Locate the line containing "- • сверло по" in the entries below, then retype it and every later line exactly, leaving out pictures.

RECORDED INFORMATION
==========
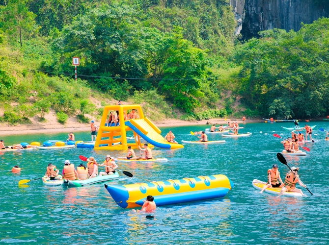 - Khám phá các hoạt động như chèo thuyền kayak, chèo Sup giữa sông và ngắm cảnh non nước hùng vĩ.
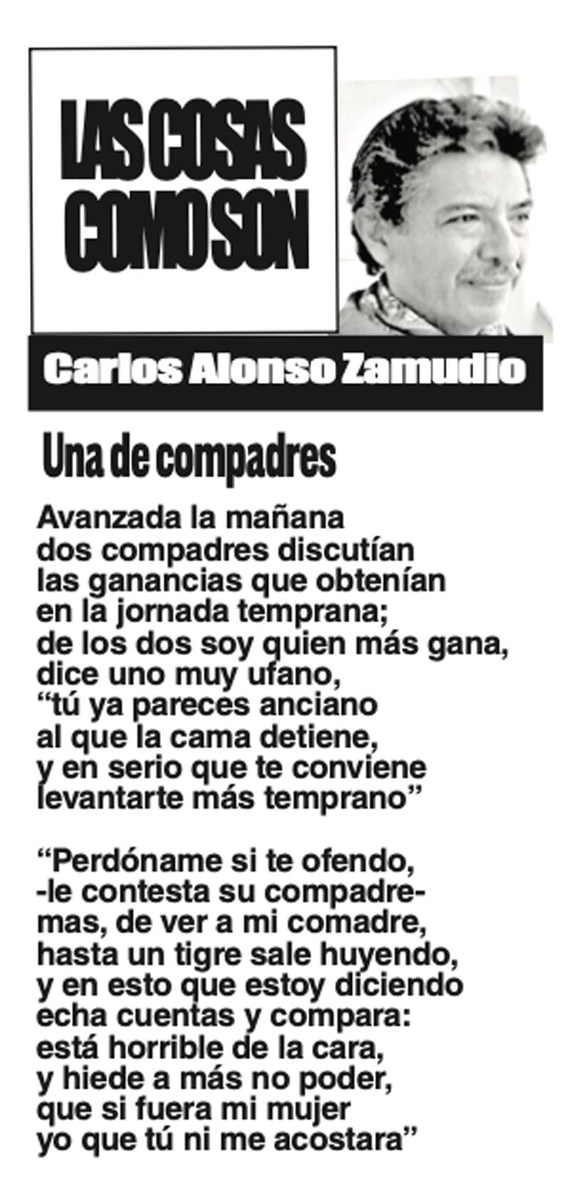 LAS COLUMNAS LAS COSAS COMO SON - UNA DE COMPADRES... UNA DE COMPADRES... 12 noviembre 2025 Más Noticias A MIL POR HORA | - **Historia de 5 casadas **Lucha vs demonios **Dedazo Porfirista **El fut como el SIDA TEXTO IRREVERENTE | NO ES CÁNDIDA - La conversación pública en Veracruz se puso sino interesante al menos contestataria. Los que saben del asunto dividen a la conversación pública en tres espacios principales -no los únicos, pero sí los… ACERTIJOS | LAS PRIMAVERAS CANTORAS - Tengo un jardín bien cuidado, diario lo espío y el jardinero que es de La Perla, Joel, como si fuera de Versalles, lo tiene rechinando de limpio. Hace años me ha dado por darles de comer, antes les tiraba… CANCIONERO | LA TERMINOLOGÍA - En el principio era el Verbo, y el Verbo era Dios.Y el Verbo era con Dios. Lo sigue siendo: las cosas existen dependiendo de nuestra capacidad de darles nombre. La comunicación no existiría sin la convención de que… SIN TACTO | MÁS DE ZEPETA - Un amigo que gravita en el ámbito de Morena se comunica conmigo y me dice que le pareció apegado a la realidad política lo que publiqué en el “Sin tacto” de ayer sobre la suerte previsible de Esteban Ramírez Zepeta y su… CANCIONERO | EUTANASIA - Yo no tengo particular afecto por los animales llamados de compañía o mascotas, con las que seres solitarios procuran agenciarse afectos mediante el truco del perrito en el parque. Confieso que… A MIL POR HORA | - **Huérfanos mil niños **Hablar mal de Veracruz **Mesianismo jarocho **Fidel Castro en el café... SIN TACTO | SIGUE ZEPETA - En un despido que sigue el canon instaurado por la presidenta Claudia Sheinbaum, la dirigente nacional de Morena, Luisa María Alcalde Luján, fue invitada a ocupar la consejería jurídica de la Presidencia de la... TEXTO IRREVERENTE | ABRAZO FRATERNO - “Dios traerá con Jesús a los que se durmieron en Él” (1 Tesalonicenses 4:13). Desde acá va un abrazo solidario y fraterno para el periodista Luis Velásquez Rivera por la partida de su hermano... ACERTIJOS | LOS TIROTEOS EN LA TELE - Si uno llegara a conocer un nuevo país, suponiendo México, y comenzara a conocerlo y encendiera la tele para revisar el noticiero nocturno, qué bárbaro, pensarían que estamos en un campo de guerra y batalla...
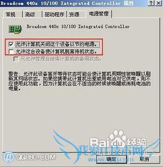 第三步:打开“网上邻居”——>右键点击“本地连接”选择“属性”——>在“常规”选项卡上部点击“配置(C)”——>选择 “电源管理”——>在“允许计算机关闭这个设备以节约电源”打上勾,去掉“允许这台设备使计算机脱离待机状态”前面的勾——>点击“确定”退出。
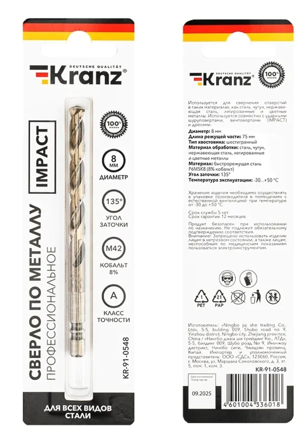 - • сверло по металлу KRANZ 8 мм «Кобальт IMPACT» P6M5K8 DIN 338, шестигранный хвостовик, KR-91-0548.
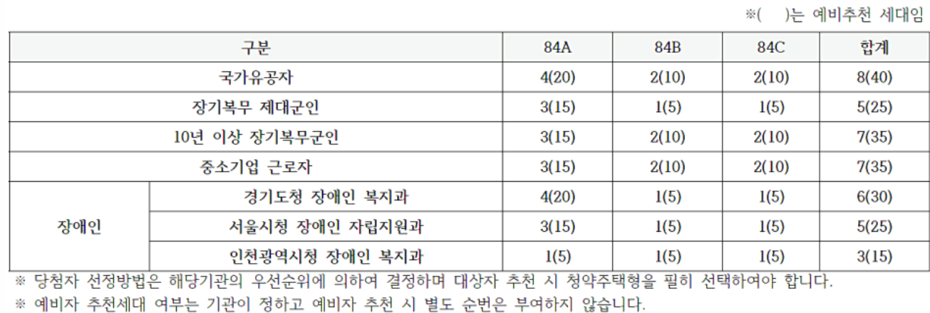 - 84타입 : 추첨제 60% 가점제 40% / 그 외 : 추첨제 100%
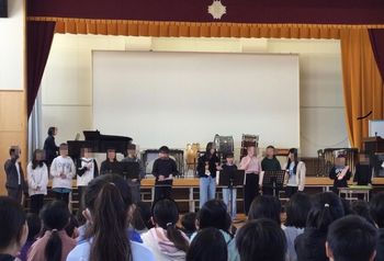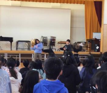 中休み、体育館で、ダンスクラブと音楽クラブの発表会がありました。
==========
YOUR SOLUTION
 - • сверло по металлу KRANZ 8 мм «Кобальт IMPACT» P6M5K8 DIN 338, шестигранный хвостовик, KR-91-0548.
 - 84타입 : 추첨제 60% 가점제 40% / 그 외 : 추첨제 100%
 中休み、体育館で、ダンスクラブと音楽クラブの発表会がありました。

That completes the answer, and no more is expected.